**BRIEF**: Print the lines in the listing below starting at the line with "Over from the" and ending at the line with "They eat bamboo", both included. Reproduce them exactly and omit every picture.

**DATA RECORDS**:
*** Begin section ***

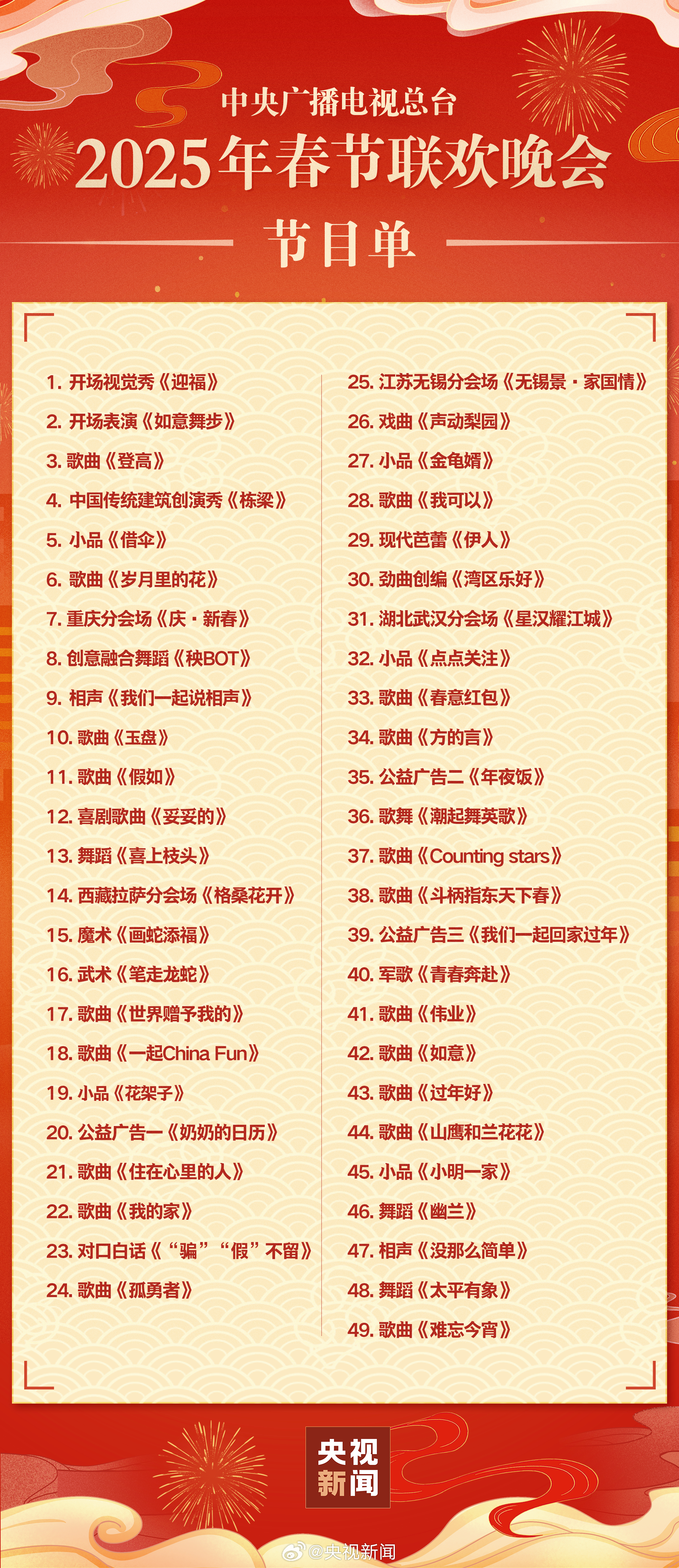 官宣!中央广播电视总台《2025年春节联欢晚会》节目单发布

*** End section ***
*** Begin section ***

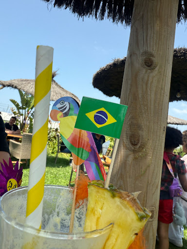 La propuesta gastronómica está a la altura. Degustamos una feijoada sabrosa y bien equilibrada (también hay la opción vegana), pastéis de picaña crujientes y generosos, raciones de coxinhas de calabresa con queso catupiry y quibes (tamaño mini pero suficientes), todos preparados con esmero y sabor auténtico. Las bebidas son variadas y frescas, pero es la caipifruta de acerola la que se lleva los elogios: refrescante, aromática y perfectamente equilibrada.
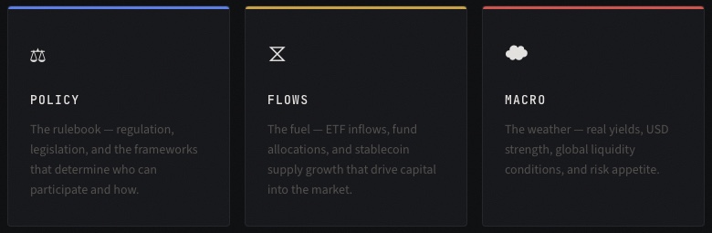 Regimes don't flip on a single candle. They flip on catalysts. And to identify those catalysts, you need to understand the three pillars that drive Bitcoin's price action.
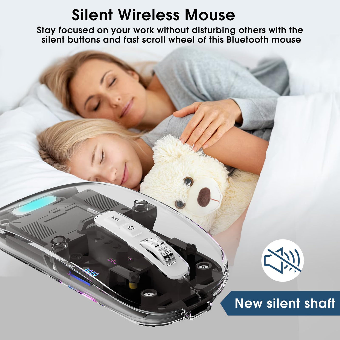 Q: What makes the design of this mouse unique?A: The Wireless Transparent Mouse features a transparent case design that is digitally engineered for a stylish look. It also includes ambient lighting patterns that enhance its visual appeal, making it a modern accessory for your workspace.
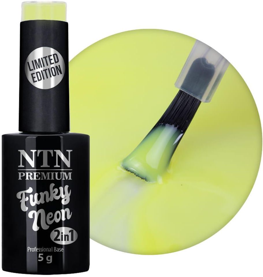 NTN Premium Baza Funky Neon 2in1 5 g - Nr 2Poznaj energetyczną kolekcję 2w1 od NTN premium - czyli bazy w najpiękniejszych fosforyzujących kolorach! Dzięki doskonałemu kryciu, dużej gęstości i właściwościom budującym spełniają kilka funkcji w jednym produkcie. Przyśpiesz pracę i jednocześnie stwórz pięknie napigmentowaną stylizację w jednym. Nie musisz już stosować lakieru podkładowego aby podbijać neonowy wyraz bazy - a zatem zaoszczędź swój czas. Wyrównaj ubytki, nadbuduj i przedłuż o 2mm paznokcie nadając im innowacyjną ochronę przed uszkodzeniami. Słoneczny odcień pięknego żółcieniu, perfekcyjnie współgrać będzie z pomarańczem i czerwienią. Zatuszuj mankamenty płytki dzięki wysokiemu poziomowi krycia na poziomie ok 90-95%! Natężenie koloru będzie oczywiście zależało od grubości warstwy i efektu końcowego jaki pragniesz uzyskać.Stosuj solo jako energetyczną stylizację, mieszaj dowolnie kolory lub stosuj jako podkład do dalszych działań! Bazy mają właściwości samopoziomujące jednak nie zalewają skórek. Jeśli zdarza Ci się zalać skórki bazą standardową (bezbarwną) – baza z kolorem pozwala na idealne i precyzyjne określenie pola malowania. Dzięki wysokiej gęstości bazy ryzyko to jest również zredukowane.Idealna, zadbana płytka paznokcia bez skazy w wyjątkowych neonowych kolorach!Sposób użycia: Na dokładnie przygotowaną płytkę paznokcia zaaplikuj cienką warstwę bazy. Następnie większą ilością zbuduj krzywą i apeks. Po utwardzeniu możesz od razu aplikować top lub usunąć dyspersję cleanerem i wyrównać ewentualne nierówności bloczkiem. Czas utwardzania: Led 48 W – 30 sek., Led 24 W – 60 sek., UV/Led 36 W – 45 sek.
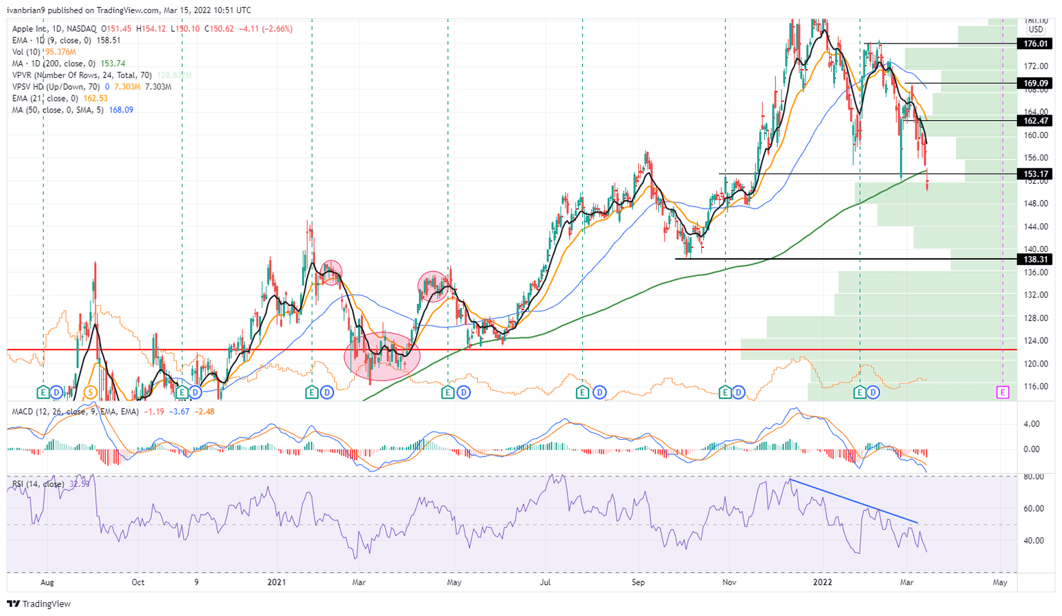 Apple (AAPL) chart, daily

*** End section ***
*** Begin section ***

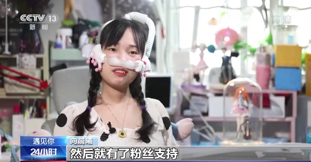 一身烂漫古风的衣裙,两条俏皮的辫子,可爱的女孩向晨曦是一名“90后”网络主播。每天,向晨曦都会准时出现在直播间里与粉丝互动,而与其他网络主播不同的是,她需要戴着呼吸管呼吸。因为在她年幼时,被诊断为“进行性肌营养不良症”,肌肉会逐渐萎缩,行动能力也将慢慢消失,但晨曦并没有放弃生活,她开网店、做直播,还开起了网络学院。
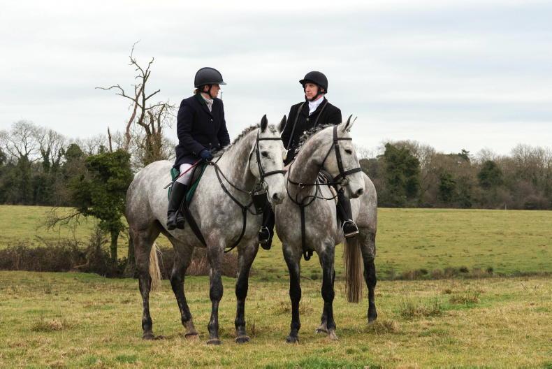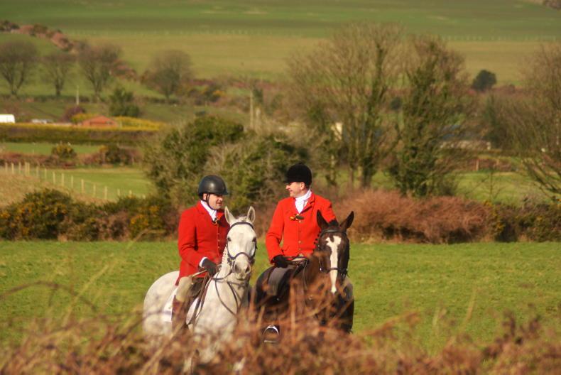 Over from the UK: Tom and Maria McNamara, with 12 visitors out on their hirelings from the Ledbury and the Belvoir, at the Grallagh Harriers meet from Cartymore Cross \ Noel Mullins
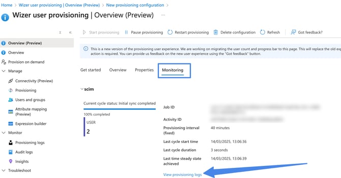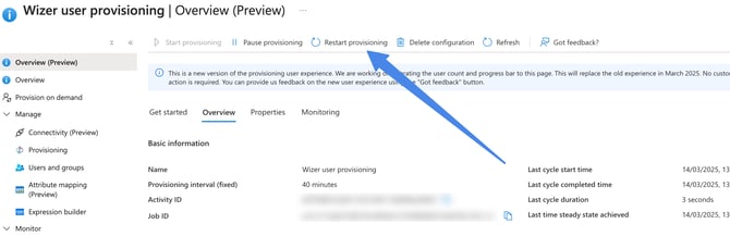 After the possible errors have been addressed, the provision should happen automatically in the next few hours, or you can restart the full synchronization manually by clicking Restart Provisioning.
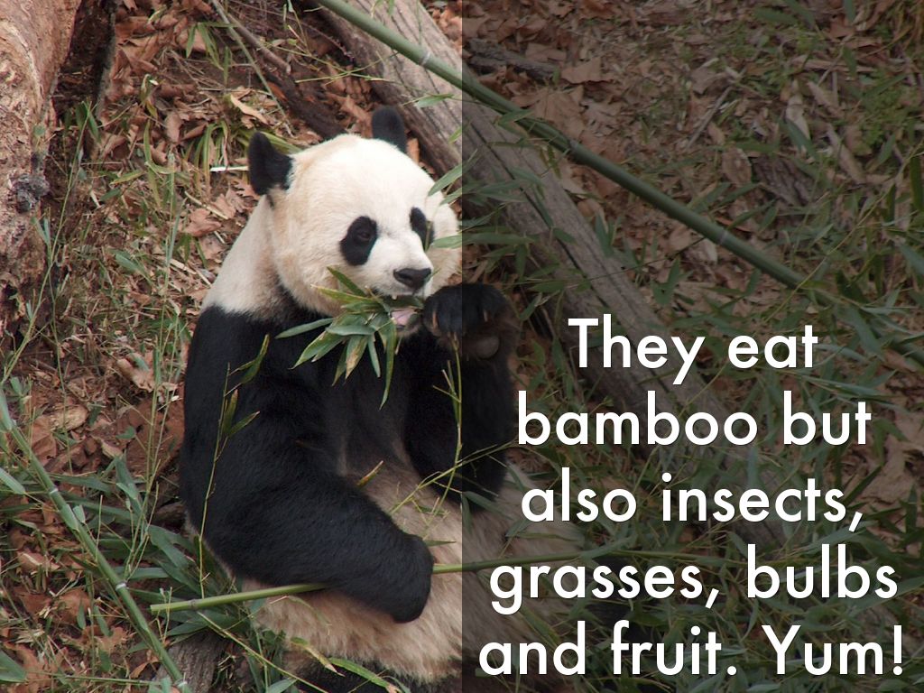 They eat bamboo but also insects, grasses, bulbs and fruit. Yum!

*** End section ***

**ANSWER SECTION**:
 Over from the UK: Tom and Maria McNamara, with 12 visitors out on their hirelings from the Ledbury and the Belvoir, at the Grallagh Harriers meet from Cartymore Cross \ Noel Mullins
 After the possible errors have been addressed, the provision should happen automatically in the next few hours, or you can restart the full synchronization manually by clicking Restart Provisioning.
 They eat bamboo but also insects, grasses, bulbs and fruit. Yum!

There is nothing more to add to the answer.